Srebrny Potok może zostać niedługo zdewastowany – alarmują ekolodzy z WWF Polska, pisząc o szkodliwym projekcie regulacji rzeki, który ma przewidywać zbudowanie na odcinku 10 km 19 progów, każdy o wysokości pół metra. - Nikt tam żadnych progów nie stawia – odpowiada rzecznik Wód Polskich, które obecnie naprawiają w Bażantarni szkody po powodzi sprzed dwóch lat.

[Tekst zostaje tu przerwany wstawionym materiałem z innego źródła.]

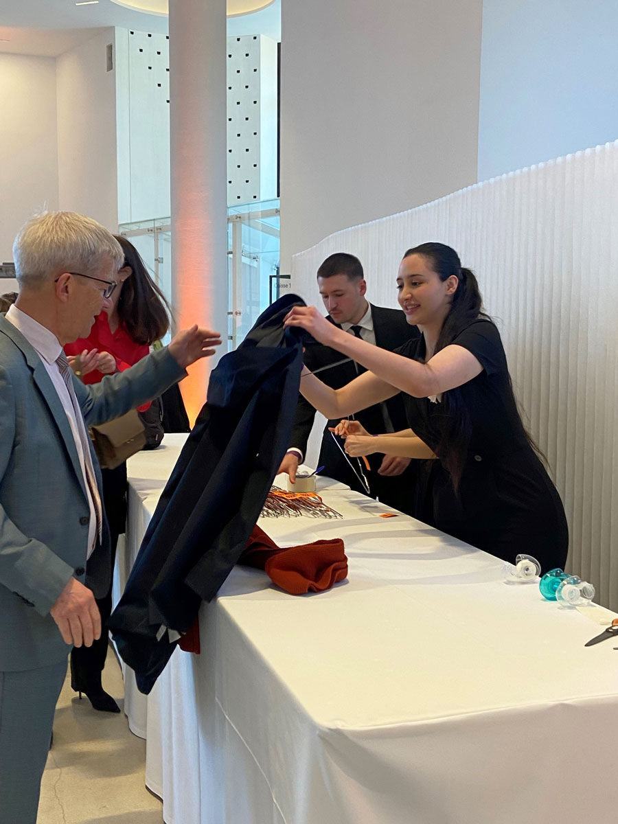 - Élégance et cohérence visuelle : nos équipes ont porté une combinaison noire sobre et élégante ou un costume noir avec une cravate noire, sublimé/e par une boutonnière personnalisée, en parfaite harmonie avec le standing de la soirée.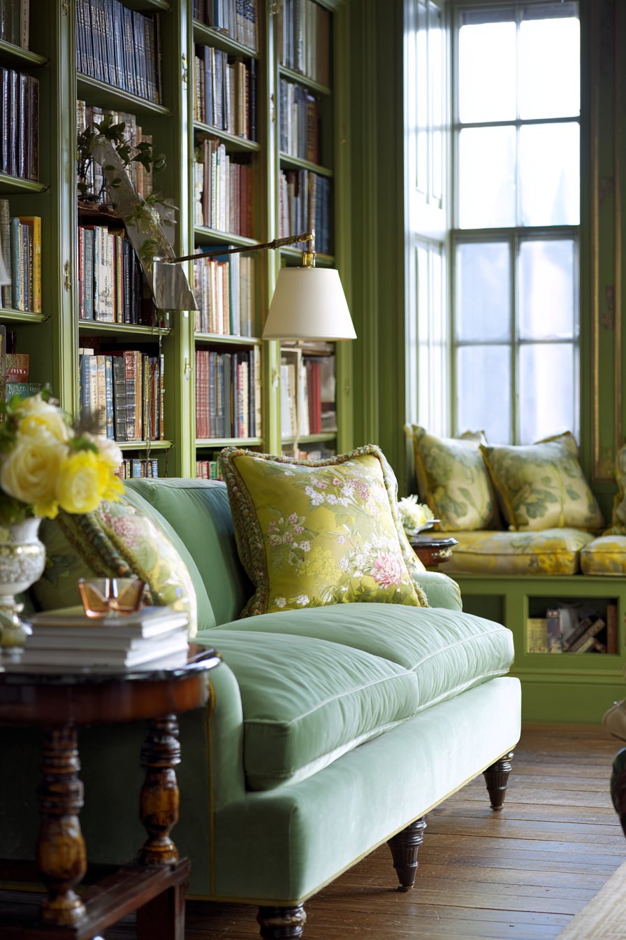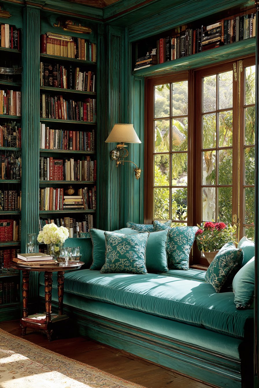 Key Design Tips: Choose seating with deep dimensions and excellent lumbar support for comfortable extended reading. Position reading furniture to maximize natural daylight during the day. Install adjustable task lighting for evening reading without eye strain. Include nearby surface for books, drinks, and reading accessories. Fill surrounding shelves with actual books you want to read or revisit. Consider a footrest or ottoman to support legs during long reading sessions. Choose calming colors like seafoam green that promote focus without distraction. Create visual connection between reading spot and book collection to inspire reading. Minimize digital distractions in the reading zone to protect focused time with physical books.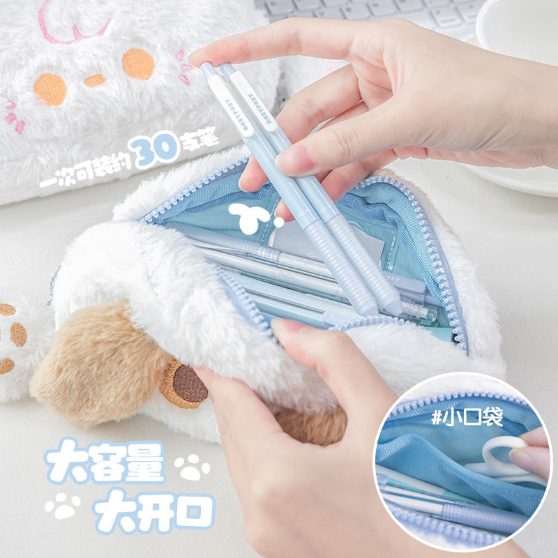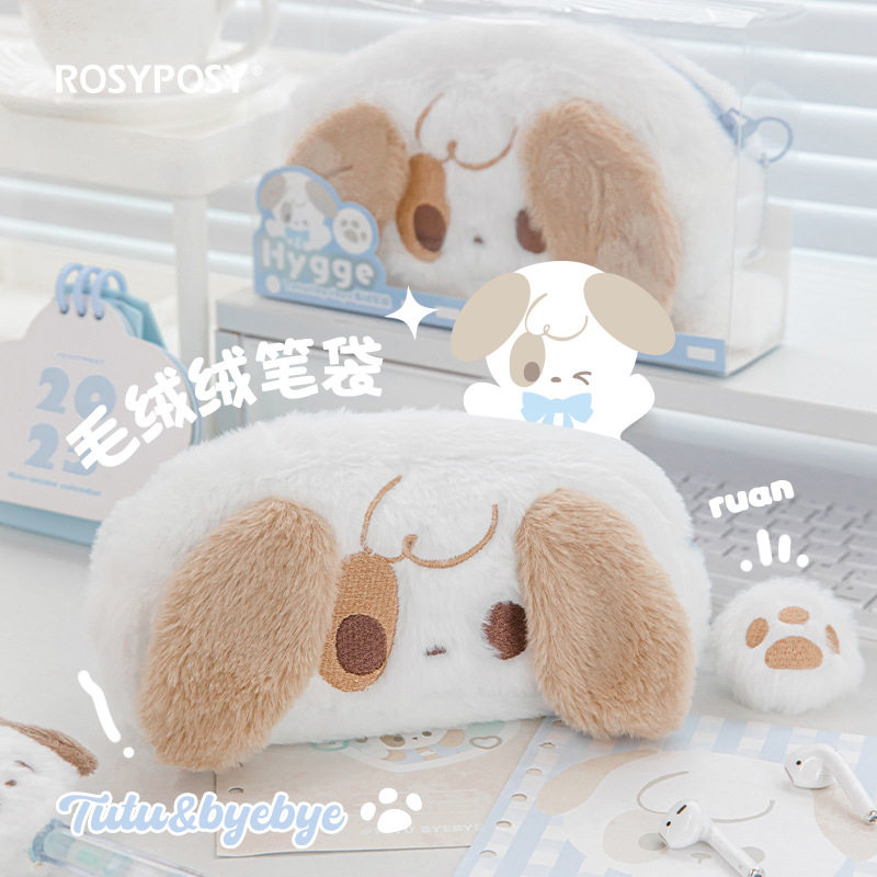 📚 跨境 新款 2025Hygge毛绒笔袋 软萌毛茸茸收纳包带毛绒刺绣小挂件

„Kilka dni temu byliśmy nad Srebrnym Potokiem w Elblągu. Znajdują się tam siedliska minoga rzecznego, pstrąga, a w okolicznych lasach rozmnaża się mroczek pozłocisty (nietoperz). Niestety ten cenny i urokliwy potok może zostać niedługo zdewastowany!? Powstał bowiem nieprawdopodobnie szkodliwy i bezsensowny projekt regulacji tego cieku – na 10 kilometrowym odcinku rzeki ma zostać zbudowanych 19 progów (każdy o wysokości pół metra!), a brzegi mają zostać uregulowane koszami i materacami kamiennymi. Taka metoda regulacji uniemożliwi rzece swobodny nurt, a tętniące w niej życie przestanie istnieć! Piękny Srebrny Potok zmieni się w co najmniej 20 następujących po sobie mini-stawów. To niedo-RZECZNE!” - alarmują ekolodzy z WWF na swojej stronie na Facebooku.
Prace na Srebrnym Potoku, o czym już informowaliśmy, trwają od kilku dni. Na 120-metrowym odcinku rzeki Wody Polskie montują umocnienia brzegów, zniszczonych podczas powodzi sprzed dwóch lat. Inwestycja ma kosztować 500 tysięcy złotych. Kolejne prace związane z regulacją rzeki, łącznie z budową zbiornika retencyjnego między ul. Marymoncką a Kościuszki (obok osiedla domków jednorodzinnych) mają kosztować 32 miliony złotych. Wody Polskie zapowiedziały jeszcze w październiku, że w przyszłym roku ma ruszyć przetarg w tej sprawie.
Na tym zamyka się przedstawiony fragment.